I’m sure at this point someone will point out that there’s some inbuilt R command that does this already, but I found this useful in developing my understanding of what multiple linear regression is doing. As a final example, let’s simulate a much more complicated situation with $6$ covariates.
#Make up a correlation struture
nVar=6
ss = matrix(rnorm((nVar+1)**2,sd=1),nrow=nVar+1,ncol=nVar+1)
#Make it positive-definite
ss = ss %*% t(ss)
#Make data
dat = mvrnorm(1000,mu=rep(0,nVar+1),Sigma=ss)
y = dat[,1]
dat = dat[,-1]
dat = lapply(seq(nVar),function(e) dat[,e])
names(dat) = paste0('x',seq(nVar))
visLinReg(y,dat)
This will obviously be different every time you run it, but here is an example.
From which you can see that the coefficient of $x_5$ is driven more by the contribution from $\text{cov}(y,x_1) * \text{cov}(x_1,x_5)$ than the covariance of $y$ with $x_5$. Worse still is $\beta_4$, where the sign of the coefficient is different from what you would intuit if you just considered $\text{cov}(y,x_4)$.
Conclusion
Having gone through all that, I’m not sure I’m really all that much closer to having a reliable intuition for how to interpret linear regression coefficients. There are some simple cases, where it’s clear what the intuition is.

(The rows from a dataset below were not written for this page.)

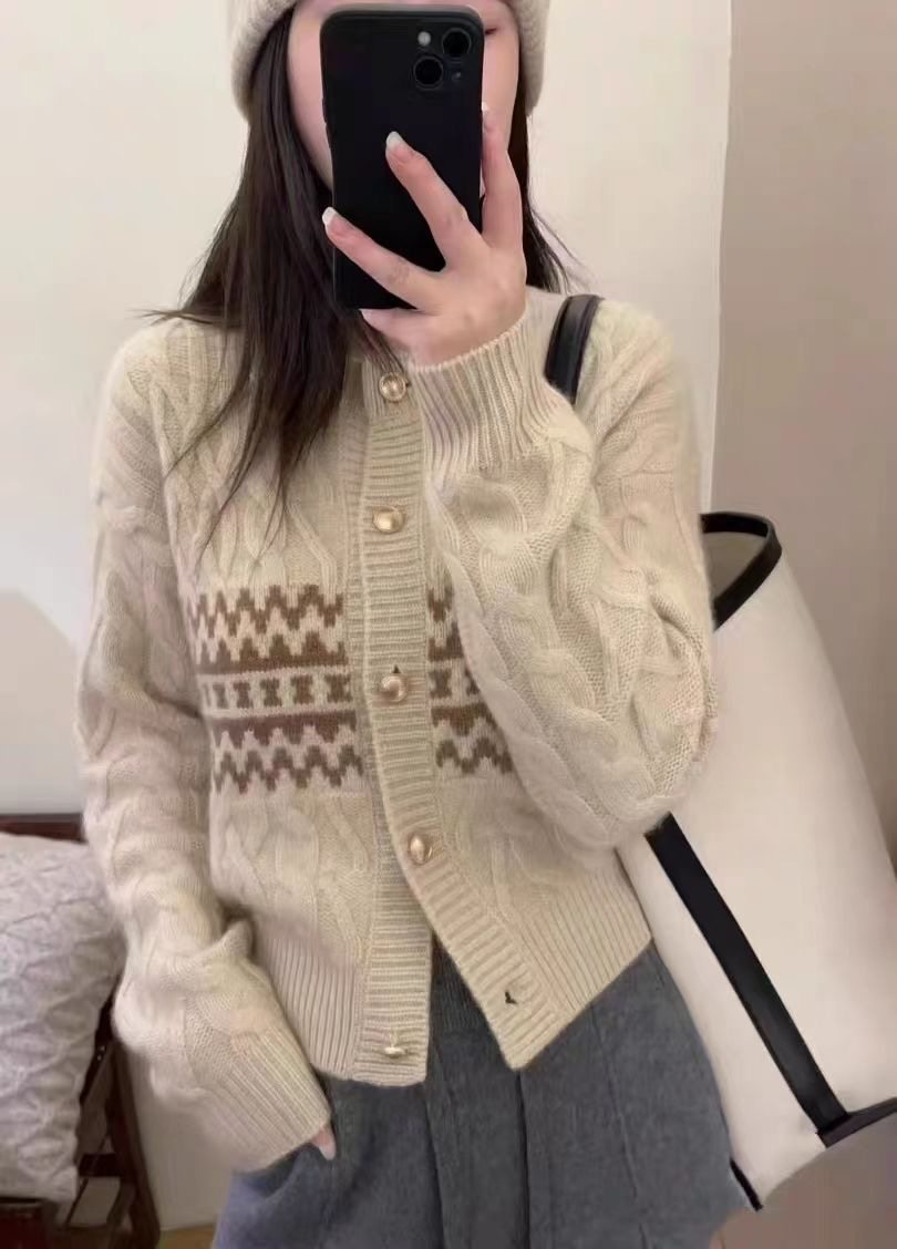 秋冬新款加厚100%纯羊毛开衫女圆领针织宽松毛衣外套
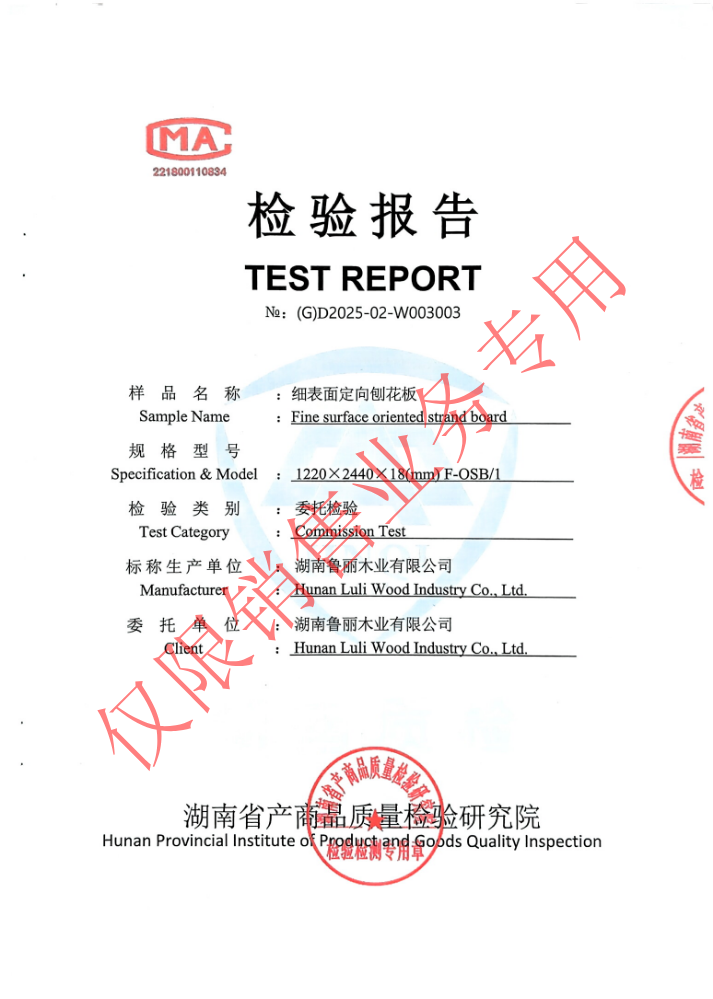 鲁丽精板检测报告
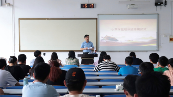 辅导员石臻在开班仪式中,针对实践过程个人安全、团队合作、遵纪守法等方面对同学们作了要求,希望同学们能够不忘初心,为公益事业做出自身贡献。优秀志愿者代表王国宇为同学们分享了自己难忘的支教经历,总结了自己的支教经验,并耐心为同学们解答疑惑。
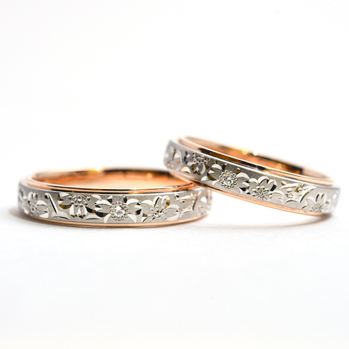 当店でも長年に渡り販売してきました「桜子」を代表するツートンカラー土台の結婚指輪。
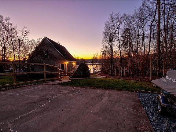 STUNNING SUNSET Views from this Lake Front home on High Rock Lake. Boat, Fish, paddle board, kayak, swim from your private dock! Massive wall of windows allow SPECTACULAR scenery! Soaring ceilings in the living area allow streaming light and views that give you a sense of bringing the outside in! Open floor plan makes entertaining easy ~ Large dining area + kitchen all in one space! Dining area can easily accommodate a workspace overlooking the lake! The kitchen boasts Granite counters, lots of bar seating, & SS appliances ALL while Lake Gazing! Two bedrooms on the main level. Spacious upstairs master w /private bath. Approx $50,000 in recent upgrades since July 2020. Fence surrounding entire property currently in progress -completion date mid Jan '21. Private walkway to your own private gazebo, fire pit area, and pier! Deep water, boat slip space! See doo ramps negotiable. Plenty of future expansion in the Full unfin framed basement ~1300 sq ft! MUST SEE! LIVE WHERE YOU PLAY!
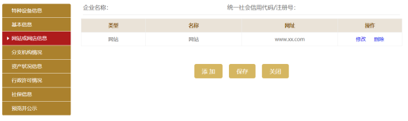 第七步:進入網(wǎng)站或網(wǎng)店信息頁面。可添加多條網(wǎng)站或網(wǎng)店信息,也可修改或刪除信息。
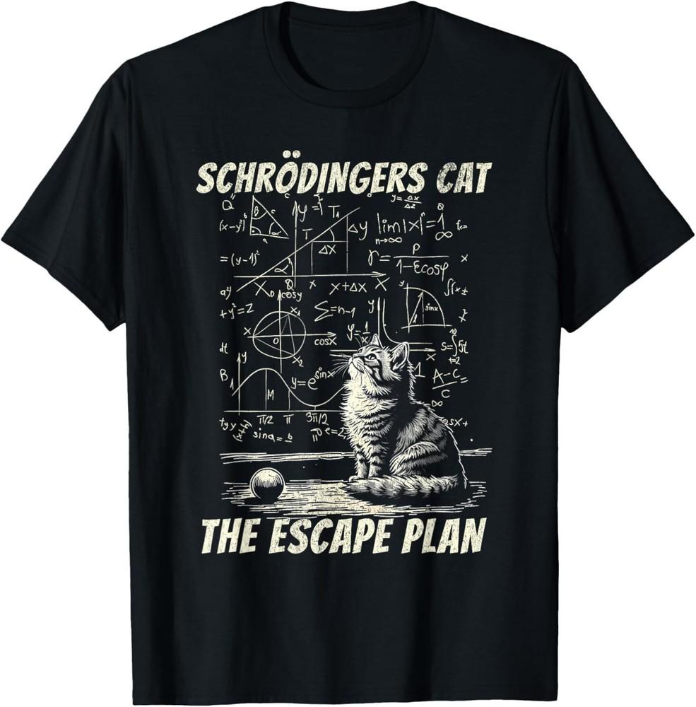 Черная футболка с научным юмором с иллюстрацией кота Шрёдингера и уравнениями
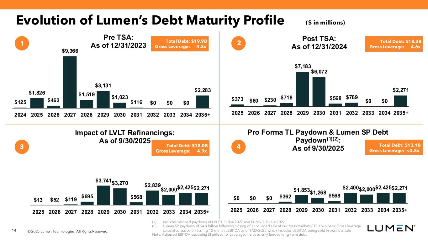 ©2025 Lumen Technologies。版权所有。14 Lumen债务到期情况演变(百万美元)$ 125 $ 1,826 $ 462 $ 9,366 $ 1,519 $ 3,131 $ 1,023 $ 116 $ 0 $ 0 $ 2,2832024202520262027202820292029203020312032203320342035 + Pre TSA:截至12/31/2023总债务:$ 19.9B总杠杆:4.3x 1 $ 373 $ 60 $ 230 $ 718 $ 7,183 $ 6,072 $ 568 $ 789 $ 0 $ 2,27120252026202720282029202920302031203320342035 + Post TSA:截至12/31/2024总债务:$ 18.3B总杠杆:4.6x 2 $ 13 $ 52 $ 119 $ 695 $ 3,LVLT再融资的影响:截至2025年9月30日总债务:$ 18.0b毛杠杆:4.9x 3 $ 0 $ 0 $ 0 $ 362 $ 1,853 $ 1,268 $ 568 $ 2,400 $ 2,000 $ 2,425 $ 2,271202520262027202820292029203020312032203320342035 +备考TL Paydown & Lumen SP债务偿还(1)(2):截至2025年9月30日总债务:$ 13.1b毛杠杆:< 3.8x4(1)包括2027年到期的LVLT TLB的计划偿还和2027年到期的LUMN TLB(2)Lumen SP在宣布出售大众市场FTTH业务完成后偿还48亿美元;毛杠杆根据截至2025年9月30日的过去12个月aEBITDA计算,其中包括在业务出售中出售的aEBITDA注:调整后的EBITDA不包括用于杠杆的SI;仅包括融资的长期债务
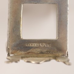 Длина: 11 см, ширина: 3 см, высота: 7,5 см. Вес: 74 грамма серебра 830 пробы. =============================== Silver napkin holder, decorated angels.
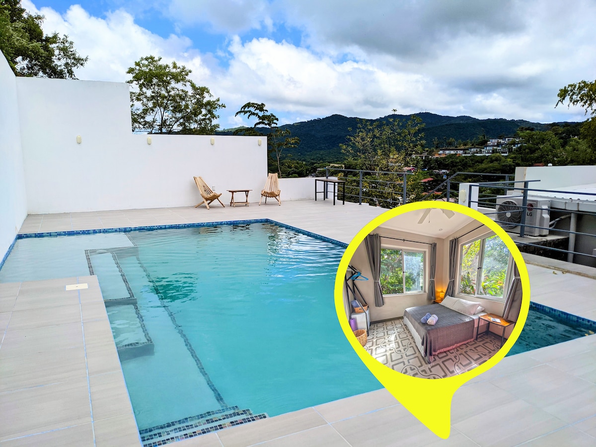 Chic, stylish studio located just steps from town and the beach! Condito Mapache is a new space located just on the edge of the town of San Juan del Sur. Decorated in handcrafted Nicaraguan furniture, and hand painted tiles from Granada, this spacious studio offers you everything you need to be comfortable on your stay in Nicaragua. Wifi, AC, smart TV, Juliette balcony, shared pool, stocked kitchen, washer/dryer and onsite pizza parlour are just some of the perks of this sweet little space!

If all covariates (the $x_i$s) are uncorrelated, the regression coefficient $\beta_i$ is closely related to the corelation between $y$ and $x_i$.
But in general, it is essential that we understand how covariates relate to one another (the covariance matrix) and their partial correlation (the inverse covariance matrix). It is easy to construct cases where the linear regression coefficient for $x_i$ is driven not by the correlation between $y$ and $x_i$, but by the relationship between $y$ and $x_j$ together with a correlation between $x_i$ and $x_j$.
I guess the upshot of all this, beyond some fairly clear intuition about how to interpret simple linear regression with one variable, is to always inspect the covariance and inverse covariance matricies. This will at least ground the interpretation of coefficients in how much connection there is between the $x_i$s. The above code will give a quick visualisation of this, but you could also just print the things in R, or I’m sure there are other functions/packages around.